Zowel de kantoren en de opleidingen zijn hierbij aan zet. De kantoren zullen zichzelf moeten transformeren naar een ander verdienmodel. Daarbij kunnen ze IT-software inhuren of zelf ontwikkelen, maar in alle gevallen wordt de controle kennisintensiever. De kantoren zullen meer een onderzoeksmindset moeten ontwikkelen en gebruik leren maken van wetenschappelijke onderzoeksaanpak voor het verbeteren van de controle. Er zullen veel meer gepromoveerde accountants nodig zijn om deze transformatie te faciliteren. De kantoren zullen ook werk moeten maken van gebruik van multidisciplinaire teams, waarbij niet-accountants onderdelen van de controle uitvoeren, zoals belastingen, financiering en personeel. De opleidingen zullen nog meer aandacht moeten gaan besteden aan begrip van business modellen, IT en onderzoeksvaardigheden. De RA opleiding zal steeds meer verworden tot een waardevol basisdiploma, een startpunt, waarbij accountants zich zullen moeten blijven ontwikkelen met bijvoorbeeld een PhD (onderzoek) of MBA (begrip van business modellen en bestuurs- en ondernemersdynamiek).

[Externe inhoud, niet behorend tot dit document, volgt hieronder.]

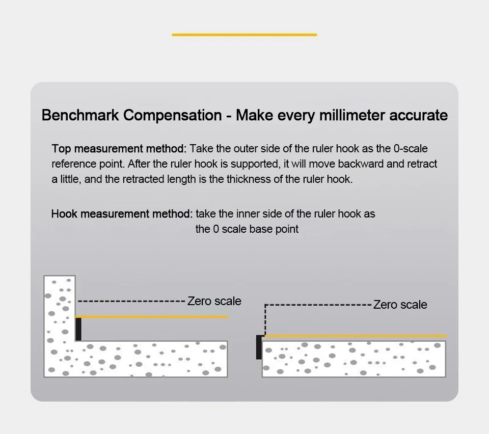 6. Mezura için kendinden kilitlemeli cihaz: Mezura çekildikten sonra mevcut konumu otomatik olarak kilitler ve kilit açma düğmesine bastıktan sonra otomatik olarak geri döner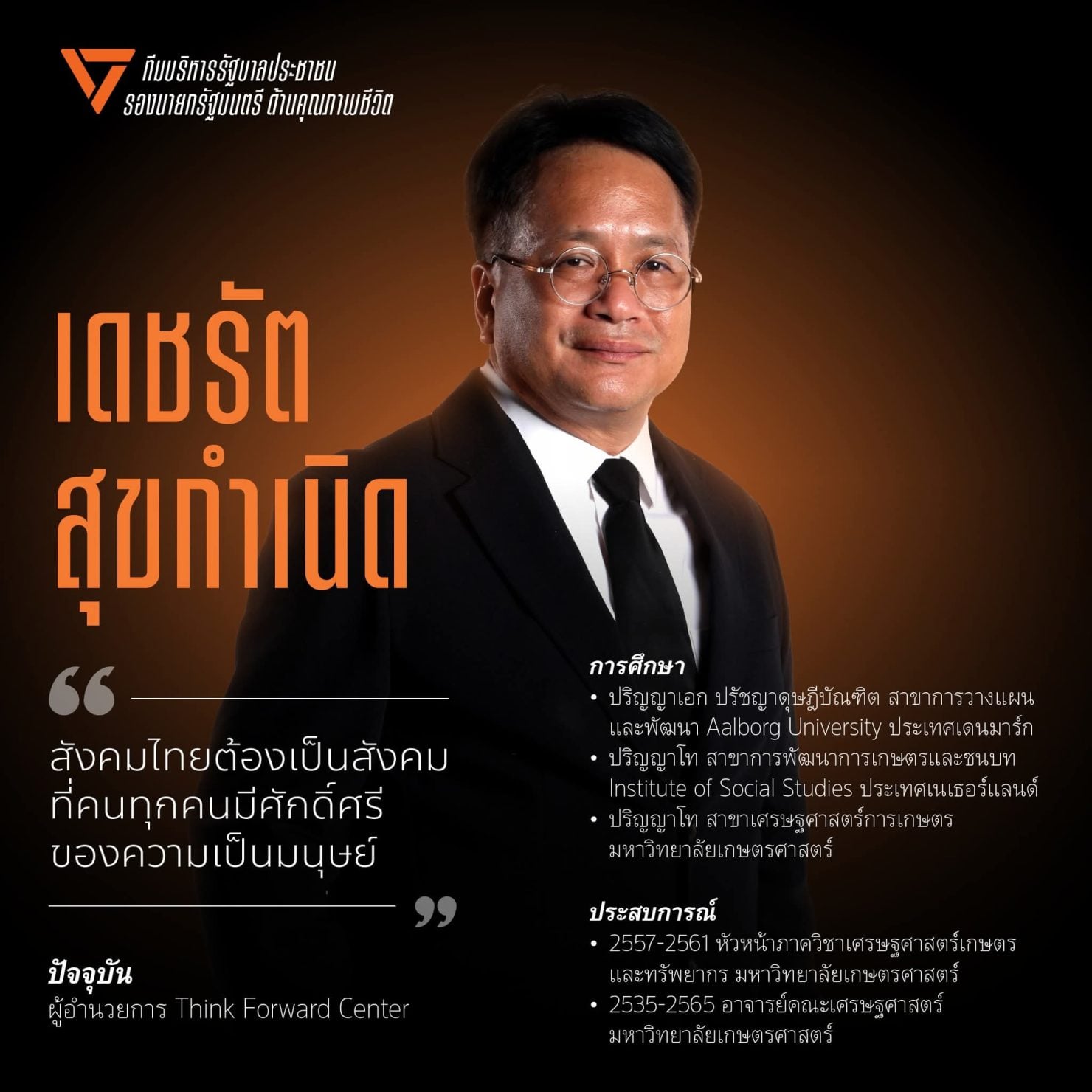 นายกรัฐมนตรี: นายณัฐพงษ์ เรืองปัญญาวุฒิ (ดูแลภาพรวมและป้องกันปัญหาไซโล)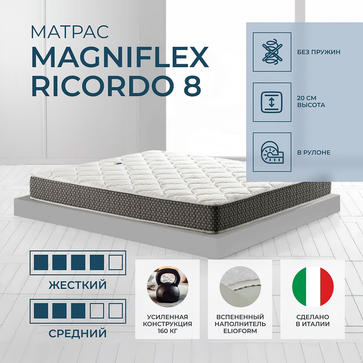Матрас Ricordo 8 выполнен из прочных материалов, за счет чего выдержит значительные нагрузки.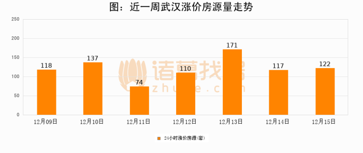 根据诸葛找房数据显示,武汉24小时涨价房源量为122套,较12月14日增加5套,环比上涨4.3%。与此同时,涨价房源占比小幅扩大,业主信心有所提升。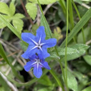 ホタルカズラ(蛍葛) ムラサキ科 ムラサキ属 4~6月 5~25cm 在来種 多年草 花径約15mm 花冠は鮮やかな青色~青紫色で、咲き始めは紅紫色 花冠の中心に向かって5本の白い隆起線が並び、星形に見える すっと立ち上がり、草むらから顔をのぞかせていた😌
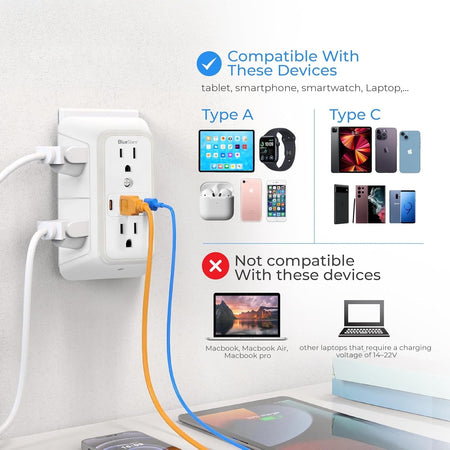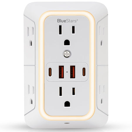 - 10 ports total: 2 USB Type-A ports, 2 USB Type-C ports, and 6 AC power outlets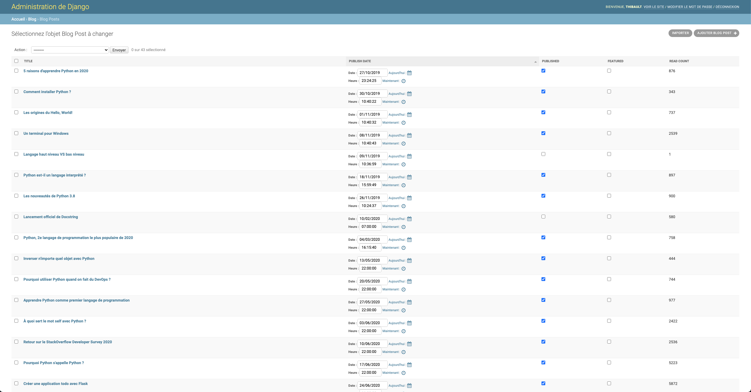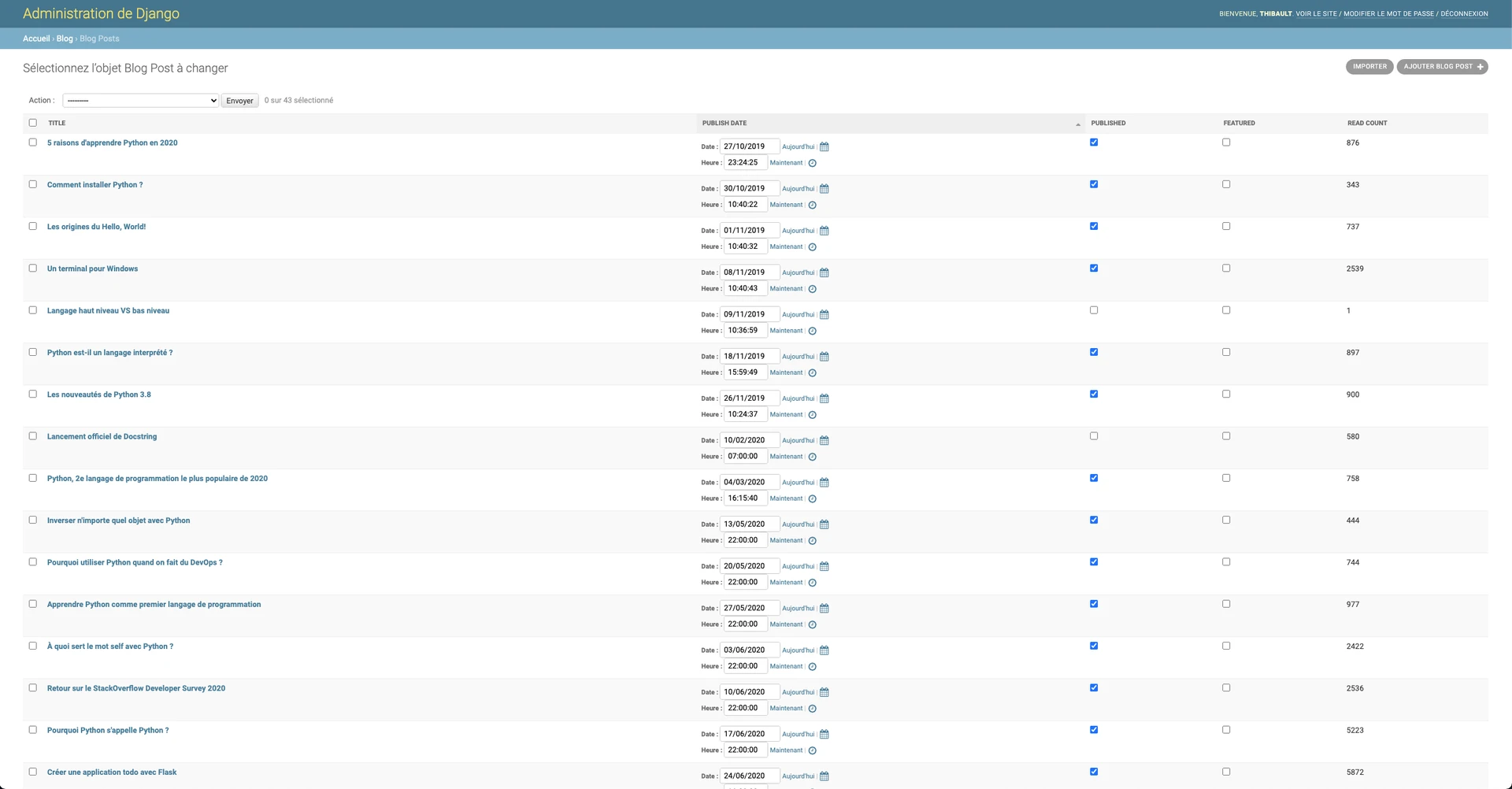 Prenons l'exemple d'un modèle d'articles de blog (BlogPost) avec le code suivant dans le fichier admin.py de l'application blog :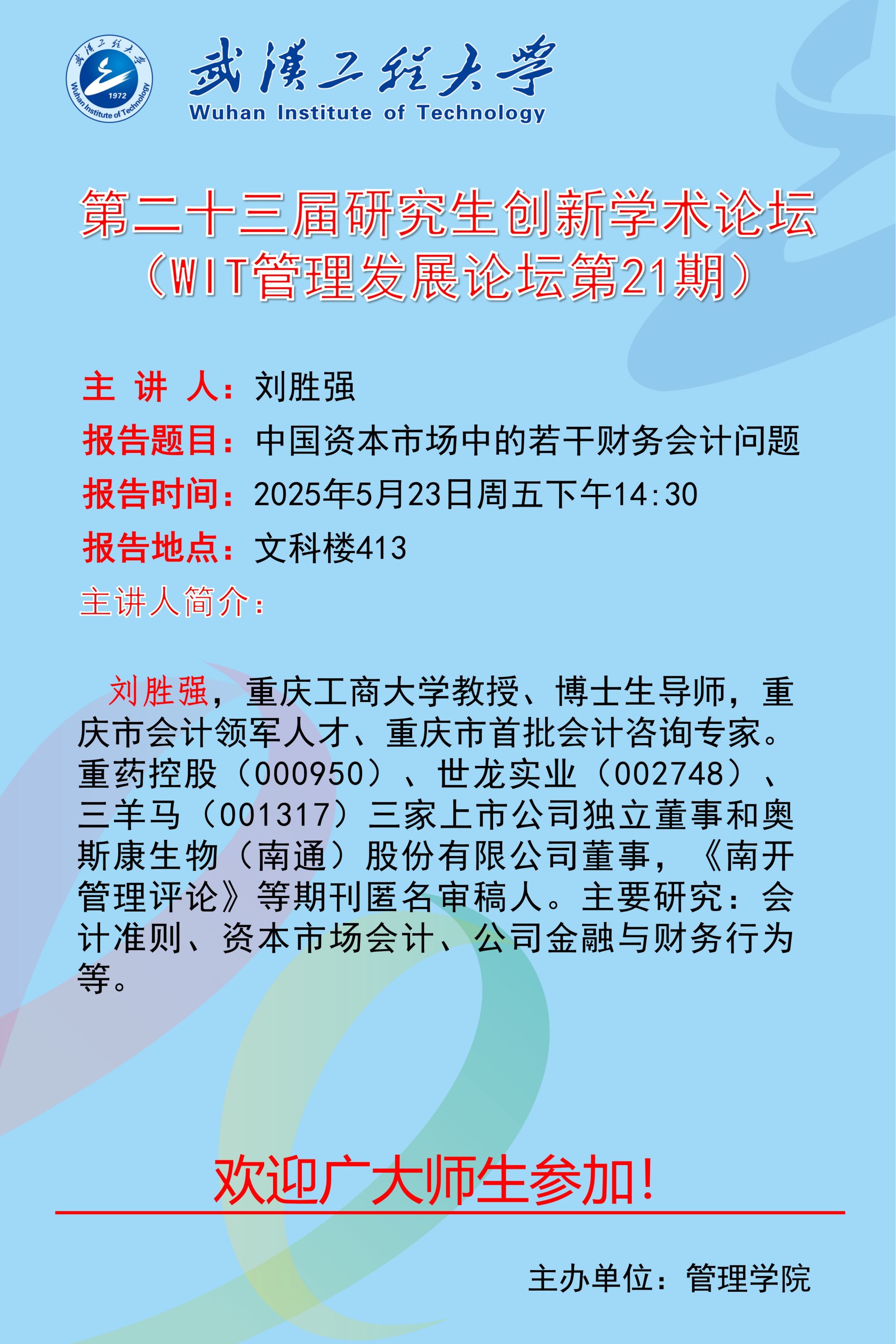WIT管理发展论坛第21期:中国资本市场中的若干财务会计问题 主讲人:刘胜强

Door theoretisering wordt het doel van de accountantscontrole weer aangescherpt en dat kan leiden tot dynamiek in het beroep en een streven om het steeds weer beter te doen. Het takenpakket van de accountant zal veranderen, maar het doel van de accountantscontrole niet, namelijk zekerheid verschaffen over informatie. En hoe meer dit doel centraal staat, hoe relevanter en leuker het beroep wordt!
Plaats een Reactie
Meepraten?Draag gerust bij!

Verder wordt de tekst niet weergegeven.